* Goal of the exercise *
Set the listing down again in full, word for word, with the pictures left out.

* Data shown *
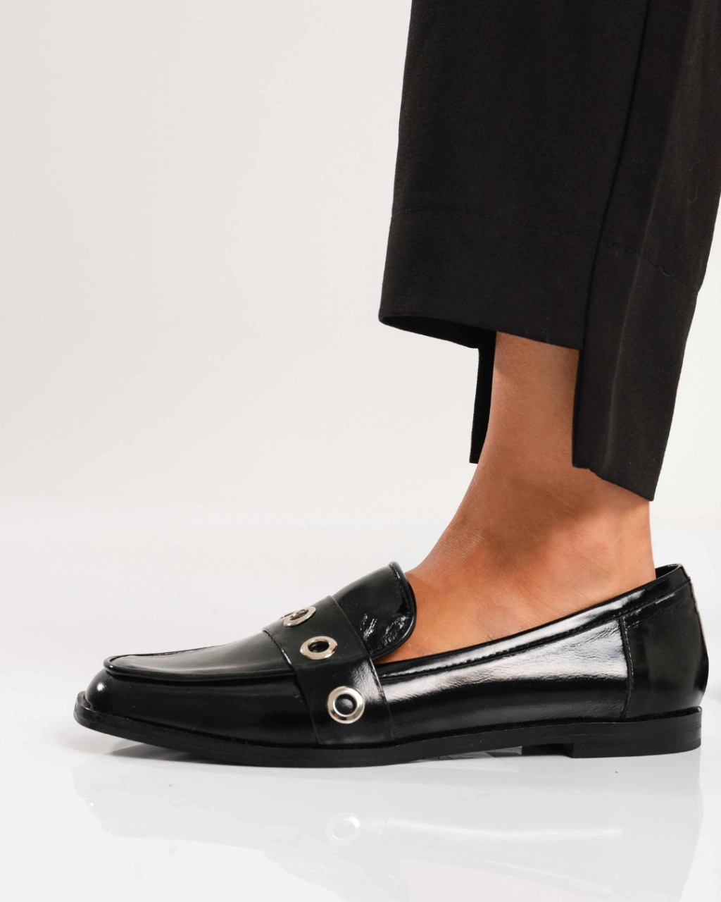 Estos mocasines de cuero son perfectos para el día a día. Con detalles de arandelas en niquel y base de suela firme con taco de 1.5 cm, te hacen sentir cómoda y segura.
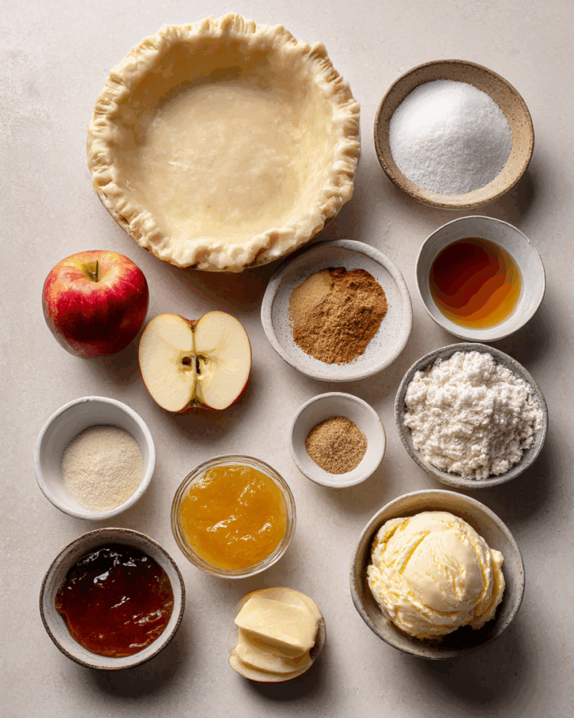 - Apples: 3 medium, peeled, cored, and thinly sliced — the star of the show.
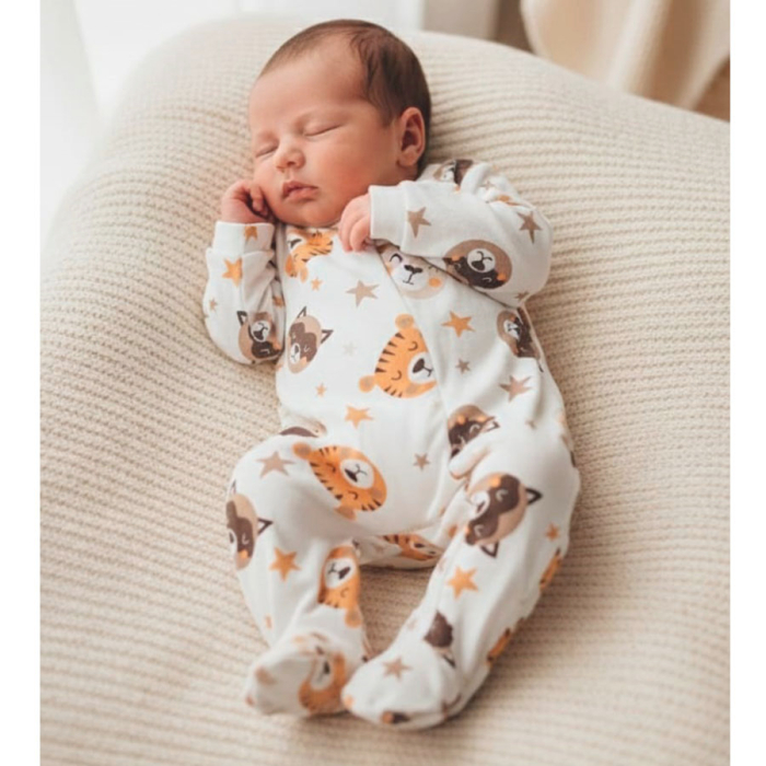 O zíper frontal discreto com proteção interna facilita na hora de vestir e trocar, garantindo praticidade no dia a dia, além de um acabamento delicado que não incomoda a pele sensível do bebê. O design conta com estampas suaves e modernas, perfeitas para um visual fofo e aconchegante. Um macacão pensado para unir funcionalidade, estilo e muito carinho em cada detalhe.

* Your solution *
 Estos mocasines de cuero son perfectos para el día a día. Con detalles de arandelas en niquel y base de suela firme con taco de 1.5 cm, te hacen sentir cómoda y segura.
 - Apples: 3 medium, peeled, cored, and thinly sliced — the star of the show.
 O zíper frontal discreto com proteção interna facilita na hora de vestir e trocar, garantindo praticidade no dia a dia, além de um acabamento delicado que não incomoda a pele sensível do bebê. O design conta com estampas suaves e modernas, perfeitas para um visual fofo e aconchegante. Um macacão pensado para unir funcionalidade, estilo e muito carinho em cada detalhe.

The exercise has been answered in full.